Task — If a picture appears among the records, leave it out and set down everything else exactly as it stands.

Available records —
- Opening Delimiter -

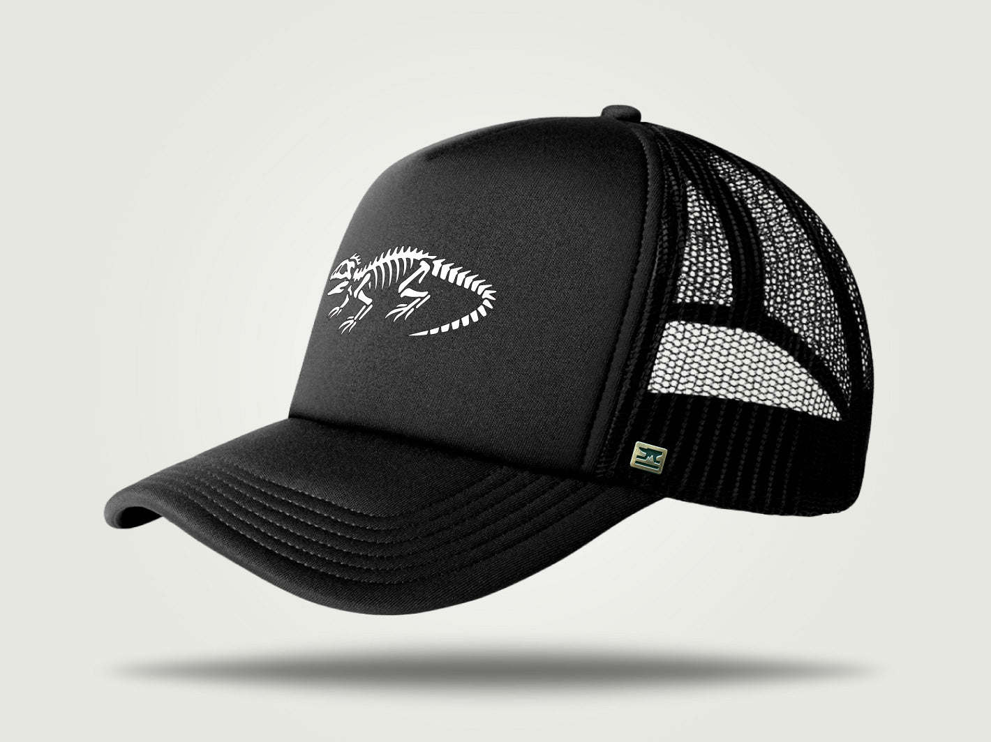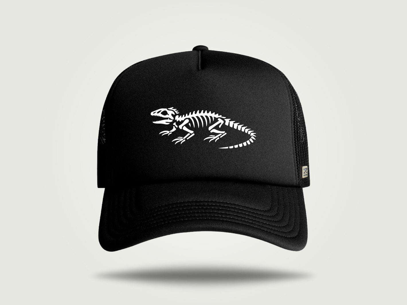 Our Foamie Trucker, as old school as old school gets. This vintage cap style is paired with our Tuatara skeleton graphic. The Tuatara is almost as ancient as the Trucker cap, a true as living dinosaur right here in New Zealand. So let's get the days mahi done so we can remember fondly our trips to Georgie Pie for an apple pie and large fries.
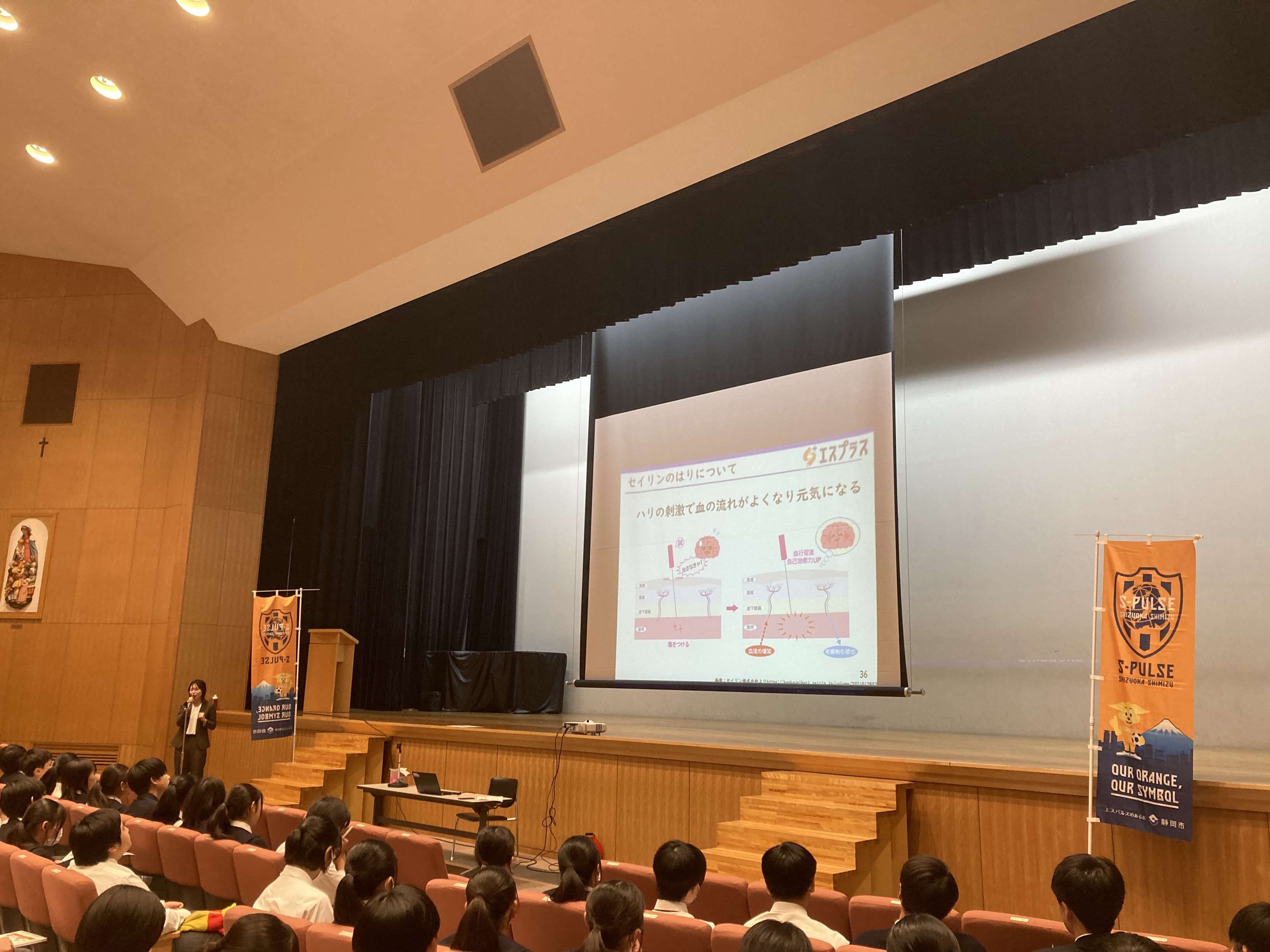 11月6日(月) 学校法人星美学園静岡サレジオ中学校・高等学校にて、クラブパートナーのセイリン株式会社よりゲスト講師1名を迎え『エスプラス』「地域貢献や社会に出て必要なチカラを考えるキャリア教育授業 ~針と鍼の違い編~」を実施しました。
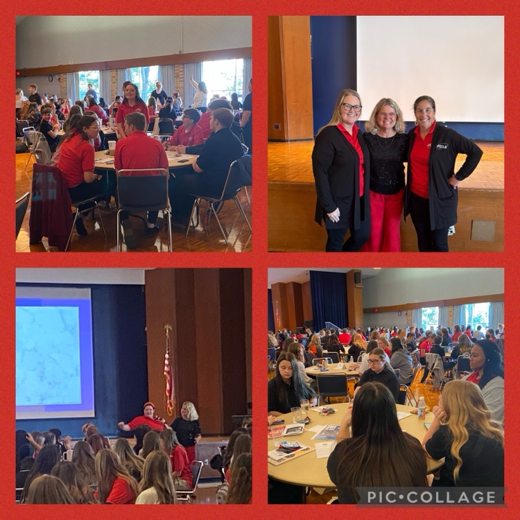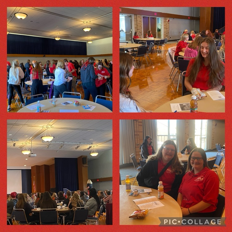 Thirty two members of SHS FCCLA(Family, Career and Community Leaders of America), along with their advisors, Ms. Voegel and Ms. Taylor, attended the FCCLA Fall Leadership Conference at EIU today. Facilitating the leadership development was Patty Hendrickson, who has shared her interactive message with more than one million people since 1987 and also trains Fortune 500 teams. Patty encouraged the young leaders to become comfortable with being uncomfortable, seek connections before content, and that leadership isn't just about titles. While keeping students engaged for two hours with her hands on leadership activities, they also connected with other chapters to discuss potential service projects and shared collaborative ideas to promote leadership growth within their chapters.
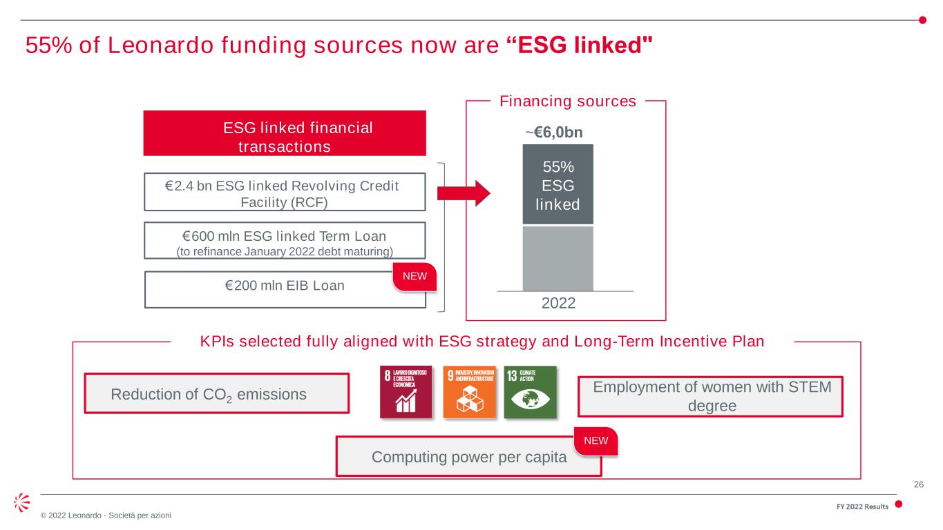 25 © 2022 Leonardo - Società per azioni FY 2022 Results Leonardo investments for innovation, growth and sustainability Strongly aligned to SDG goals (1) Including Capitalized R&D, Capex, Tooling and Other Immaterial (2) The initiatives mainly impact SDG 9 “Industry, Innovation & Infrastructure” followed by SGD 8 “Decent work and economic growth” and SGD 11 “Sustainable Cities & Communities” SDG-aligned Investments Other Investments Yearly Average 2022-2024 € 700-800mln(1) Ensuring resilient infrastructures, increasing efficient and digital processes and developing technologies with green impact Improving resources efficiency and productivity by innovation & promoting safety at work Supporting safe and resilient cities, preventing disasters and intervening in emergency situations Improving water efficiency, reuse and water networks Improving energy efficiency and increasing the share of renewable energy Promoting waste reduction, recycling, reuse and therefore reducing the impact on environment 50% of SDG-aligned investments Our main contribution to SDG(2)
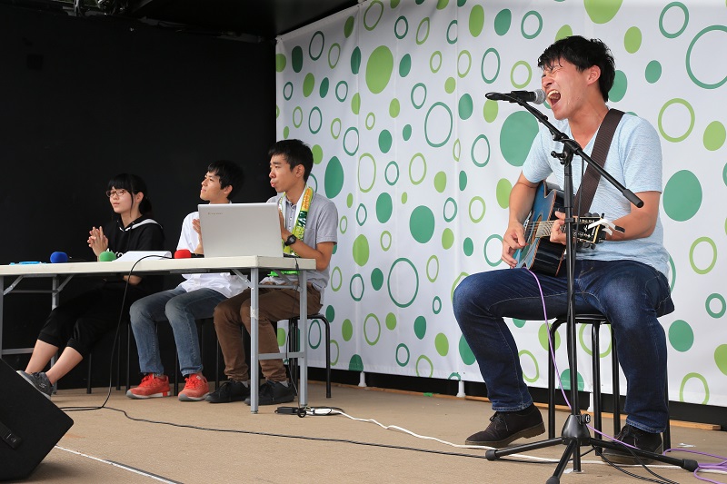 学生によるステージイベントを開催!学生放送研究会ラジスタの皆さんが司会となり、歌や手品など観客を巻き込んで大いに盛り上げてくれました。
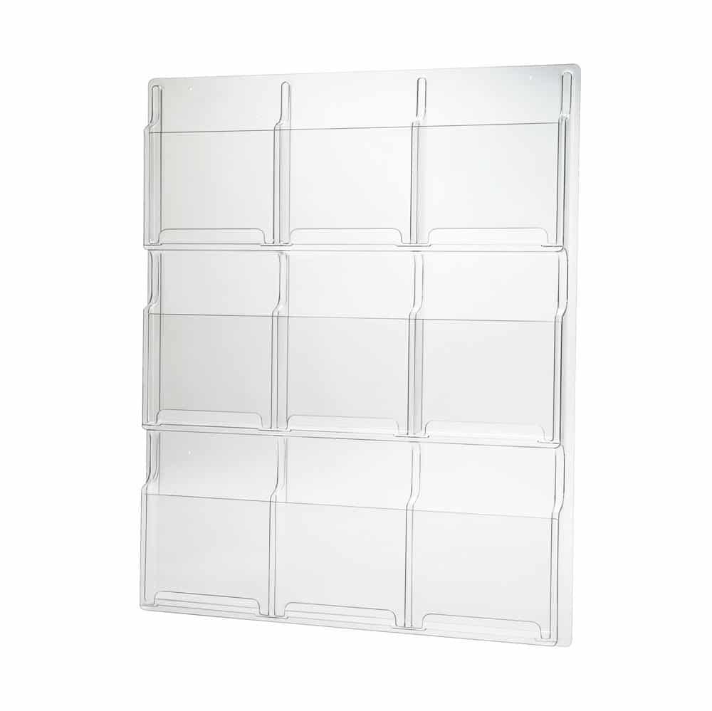Brosjyreholder for veggmontering med 9 lommer til format stående A4. Modellen er en plassbesparende, robust og effektiv brosjyreholder. Den er enkel og stilfull, og egner seg til å presentere forskjellige brosjyrer. Lommene er transparente, og hver brosjyre presenteres i sin helhet.
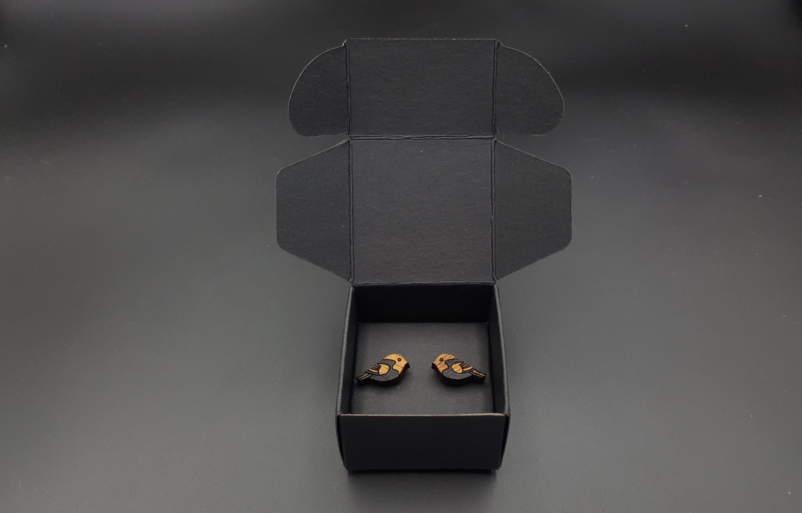 Kolczyki pakuję w kartonowe pudełeczko widoczne na zdjęciu.
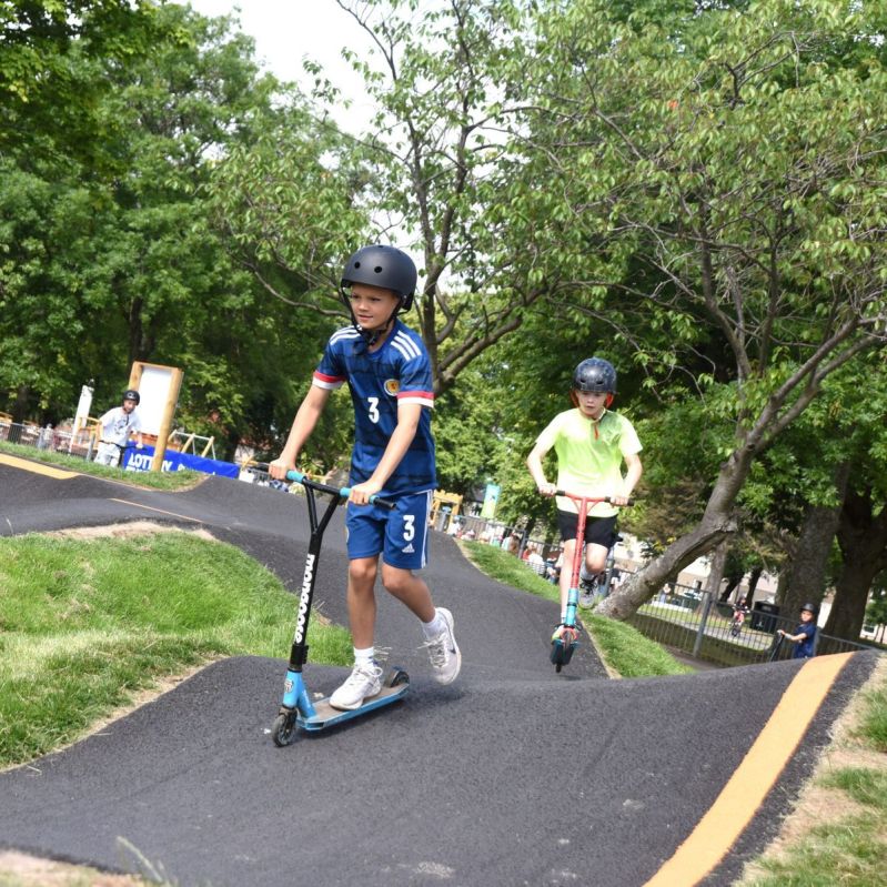 However, while the target teenage audience has been attracted to the tracks, they’ve also attracted many others. Parents bring their pre-schoolers, and both end up riding around the tracks. Primary school children on bikes and scooters also come to play. Allana notes that there are even wheelchair users from the local enhanced provision high school who are able to use the Zetland track. And then there are the keen local riders with all the gear, riders on holiday, and even pro-riders. The pump tracks have become a place where different generations and backgrounds meet, and the occasional sighting of a famous You-Tuber can give young people an important glimpse of the world outside their locality.
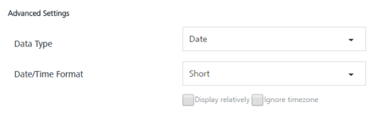 - Select the advanced data type as Date or Date and Time, the Date/Time Format drop-down list and Display relatively checkbox and Ignore timezone checkbox appears.
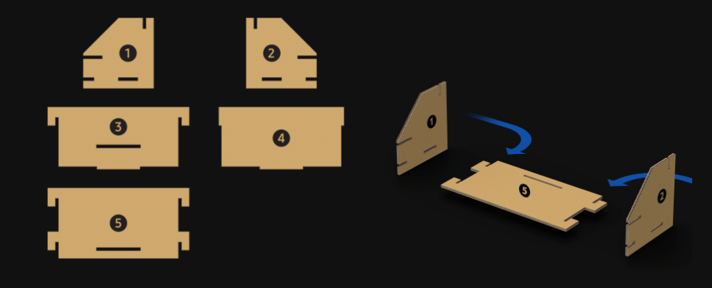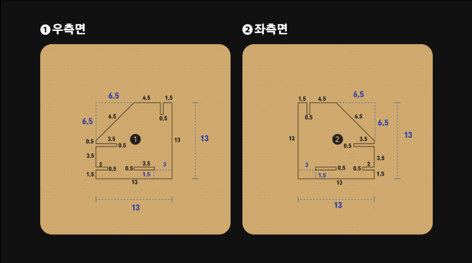 이렇게 다 만들어진 전면, 후면, 옆면 2, 상단, 하단, 중간 2, 쐐기 8개로 조립을 시작하면 됩니다.

- Closing Delimiter -

Solution —
 Our Foamie Trucker, as old school as old school gets. This vintage cap style is paired with our Tuatara skeleton graphic. The Tuatara is almost as ancient as the Trucker cap, a true as living dinosaur right here in New Zealand. So let's get the days mahi done so we can remember fondly our trips to Georgie Pie for an apple pie and large fries.
 11月6日(月) 学校法人星美学園静岡サレジオ中学校・高等学校にて、クラブパートナーのセイリン株式会社よりゲスト講師1名を迎え『エスプラス』「地域貢献や社会に出て必要なチカラを考えるキャリア教育授業 ~針と鍼の違い編~」を実施しました。
 Thirty two members of SHS FCCLA(Family, Career and Community Leaders of America), along with their advisors, Ms. Voegel and Ms. Taylor, attended the FCCLA Fall Leadership Conference at EIU today. Facilitating the leadership development was Patty Hendrickson, who has shared her interactive message with more than one million people since 1987 and also trains Fortune 500 teams. Patty encouraged the young leaders to become comfortable with being uncomfortable, seek connections before content, and that leadership isn't just about titles. While keeping students engaged for two hours with her hands on leadership activities, they also connected with other chapters to discuss potential service projects and shared collaborative ideas to promote leadership growth within their chapters.
 25 © 2022 Leonardo - Società per azioni FY 2022 Results Leonardo investments for innovation, growth and sustainability Strongly aligned to SDG goals (1) Including Capitalized R&D, Capex, Tooling and Other Immaterial (2) The initiatives mainly impact SDG 9 “Industry, Innovation & Infrastructure” followed by SGD 8 “Decent work and economic growth” and SGD 11 “Sustainable Cities & Communities” SDG-aligned Investments Other Investments Yearly Average 2022-2024 € 700-800mln(1) Ensuring resilient infrastructures, increasing efficient and digital processes and developing technologies with green impact Improving resources efficiency and productivity by innovation & promoting safety at work Supporting safe and resilient cities, preventing disasters and intervening in emergency situations Improving water efficiency, reuse and water networks Improving energy efficiency and increasing the share of renewable energy Promoting waste reduction, recycling, reuse and therefore reducing the impact on environment 50% of SDG-aligned investments Our main contribution to SDG(2)
 学生によるステージイベントを開催!学生放送研究会ラジスタの皆さんが司会となり、歌や手品など観客を巻き込んで大いに盛り上げてくれました。
Brosjyreholder for veggmontering med 9 lommer til format stående A4. Modellen er en plassbesparende, robust og effektiv brosjyreholder. Den er enkel og stilfull, og egner seg til å presentere forskjellige brosjyrer. Lommene er transparente, og hver brosjyre presenteres i sin helhet.
 Kolczyki pakuję w kartonowe pudełeczko widoczne na zdjęciu.
 However, while the target teenage audience has been attracted to the tracks, they’ve also attracted many others. Parents bring their pre-schoolers, and both end up riding around the tracks. Primary school children on bikes and scooters also come to play. Allana notes that there are even wheelchair users from the local enhanced provision high school who are able to use the Zetland track. And then there are the keen local riders with all the gear, riders on holiday, and even pro-riders. The pump tracks have become a place where different generations and backgrounds meet, and the occasional sighting of a famous You-Tuber can give young people an important glimpse of the world outside their locality.
 - Select the advanced data type as Date or Date and Time, the Date/Time Format drop-down list and Display relatively checkbox and Ignore timezone checkbox appears.
 이렇게 다 만들어진 전면, 후면, 옆면 2, 상단, 하단, 중간 2, 쐐기 8개로 조립을 시작하면 됩니다.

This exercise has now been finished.